Business transition – investment planning options

This section continues our focus on business transition principles.  Mike Leeson takes a look at why investment planning options are so important in helping to build a sustainable business.

Investment planning options

When it comes to building a client portfolio, there are literally thousands of funds to choose from. Analysing each fund and carrying out the due diligence required takes time and expertise. Ensuring the right fund is selected for each asset class and blending individual funds within a portfolio is crucial; get it wrong and it can have disastrous consequences for the client, and can lead to complaints, litigation and the attention of regulators.

Building an investment process, known as a centralised investment process, can help advisers.  Having a robust, repeatable and recorded advice process in place to underpin client recommendations not only reduces the potential risk to an adviser’s business, but can also help to keep their clients’ investments on track.
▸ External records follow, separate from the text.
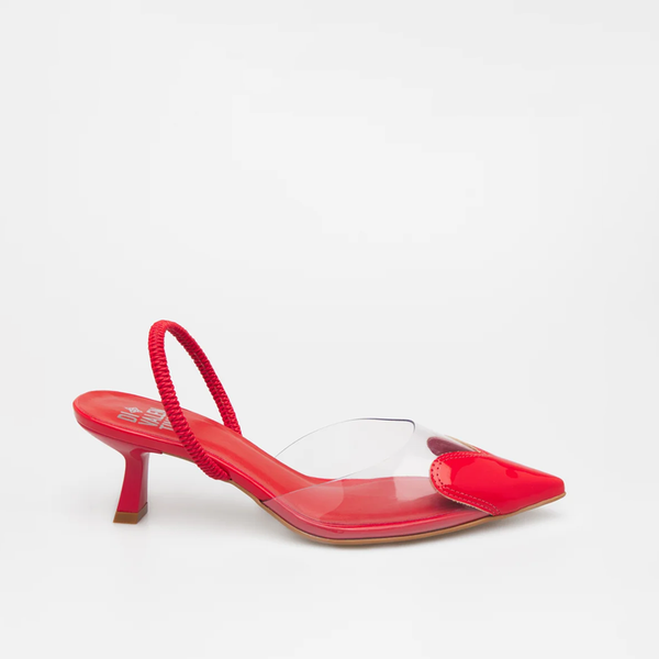 O grande destaque é, sem dúvida, o coração em verniz vermelho vibrante no bico fino. É um detalhe encantador que transforma um calçado clássico em uma peça de moda arrojada e cheia de personalidade.
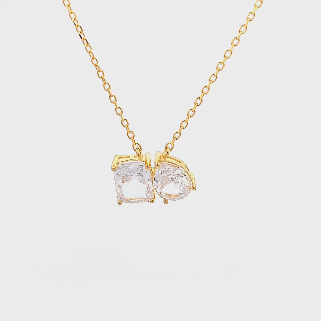 Celebrate harmony and elegance with our Toi et Moi Pendant Chain, where a rectangular Crushed Ice Cut Cubic Zirconia meets a pear-shaped counterpart in a dazzling union of sparkle and form. Inspired by the French “Toi et Moi”—“You and Me”—this pendant symbolizes the perfect balance of two contrasting yet complementary elements.Â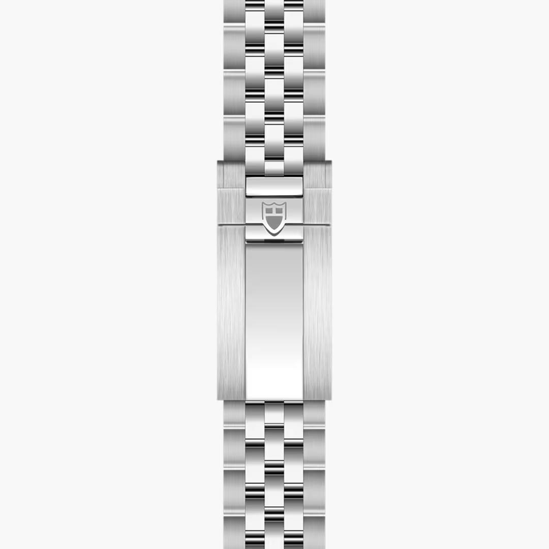 Hay disponible una versión de este modelo acoplada a un brazalete de acero inoxidable de 5 eslabones o un brazalete de acero inoxidable de 3 eslabones con remaches inspirado en los brazaletes remachados desplegables fabricados por TUDOR en los años 50 y 60. Ambos brazaletes cuentan con cierre de TUDOR «T‑fit» con ajuste rápido. Este práctico sistema de fácil manejo, que ofrece cinco posiciones sin necesidad de herramientas, permite a los portadores un ajuste preciso e instantáneo de la longitud total del brazalete hasta 8 mm.Importante: Todos los relojes disponibles en nuestra web son completamente nuevos, sin uso, y cuentan con garantía oficial activada en el momento de la entrega al cliente, en las mismas condiciones que si se adquirieran en una tienda oficial.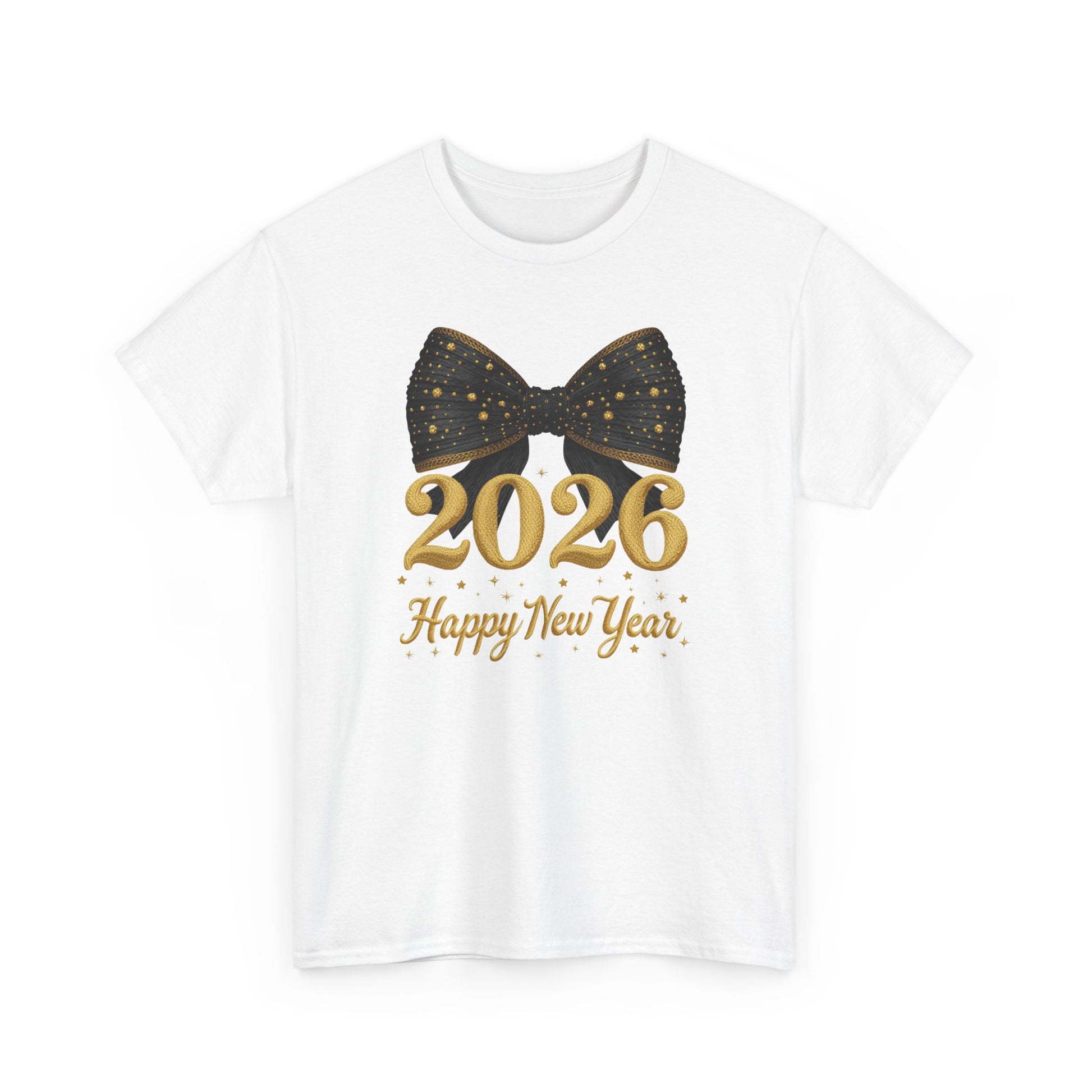 Celebrate the turn of the year with a relaxed, festive tee that feels like midnight confetti and slow laughter. This classic crew neck shirt carries a chic black bow and bold golden “2026” with a cursive “Happy New Year” beneath — low-key glamour that slips easily into a countdown party, casual gathering, or cozy night in with friends. The unstructured fit lets you move, dance, and toast without fuss; the soft, durable cotton keeps the print crisp and the shirt comfortable through the season and beyond. Wear it with jeans and a blazer for a modern, understated look, or layer under a cardigan for a quieter celebration at home. It’s a simple way to mark a new chapter with style and comfort.

Wealth management and investment planning forms part of the overall personal financial planning process an adviser follows when assessing a client’s financial needs and objectives. ISO 22222 is the International Standard for personal financial planning, and has been drawn up with the objective of achieving and promoting a globally accepted benchmark for individuals who provide the professional service of personal financial planning.


Typical investment process:

  1. Fact-find – this is an imperative first step in helping to understand a client’s investment needs, attitudes and objectives.
  2. Risk assessment for investing – this helps the adviser understand the client’s attitude towards investment risk, particularly their willingness and capacity to accept loss.
  3. Wrapper selection – following on from the fact-find, the adviser will be able to determine which product wrapper is appropriate.
  4. Suitability - this step is crucial in enabling advisers to make the right investment choice for different clients or different segments of clients who might have similar attitudes and preferences.
  5. Building a portfolio – the assets allocation should be designed to maximise returns for the client’s individual risk level.
  6. Fund selection – selecting the right funds for the client to build their portfolio is arguably the most time consuming part of the investment advice process.
  7. Ongoing review – it is important to review the portfolio periodically to ensure it still meets the client’s needs, and is performing in line with expectations.


Selecting the right investments can be the most risky and time consuming part of the advice process:

Building an investment process can help create a robust, repeatable and recorded advice process, but it doesn’t solve the risk of selecting the wrong funds for a client. Financial advisers that are both expert financial planners and qualified investment managers are few and far between. The two disciplines are actually very different, and require a different skill set.

Investment management, i.e. portfolio construction and fund selection, can introduce a layer of risk to an adviser’s business that is difficult to mitigate without expert knowledge. Something that regulators are beginning to focus on is the suitability of investment offerings to be demonstrated and recorded. This helps ensure any future challenges to investment performance can be refuted where the task has been correctly and diligently completed.

It is perhaps no surprise that financial planners are increasingly looking to delegate (but not abdicate) responsibility to those for whom investment management is a core business activity.  By delegating the investment process to a team of experts, advisers will not only simplify and reduce their compliance burden, but importantly, will be able to free up time which they can spend with their clients to discuss or review their broader financial planning needs.

Investment solutions available:

There are many investment solutions available to advisers looking to delegate some or all of the investment process to an investment professional:

  • Multi-asset fund – this is a fund which contains a cross section of carefully selected assets and funds. A fund manager will actively manage the fund on a daily basis.
  • Selected range of funds – an investment expert will research the market and provide a short list of vetted funds for the adviser to select from.
  • Model portfolios – these are researched portfolios compiled by investment experts to meet a specific risk profile; they are usually reviewed quarterly.
  • Discretionary services – where an investment professional, usually a Discretionary Fund Manager (DFM), provides a more bespoke investment service to the client. It is often more effective for the entire investment process to be outsourced to the DFM.

The decision to partner with investment experts can help advisers stay in control of the advice process, spend more time with clients, and helps reduce the risk of making poor investment choices. All these are important considerations in building a sustainable business.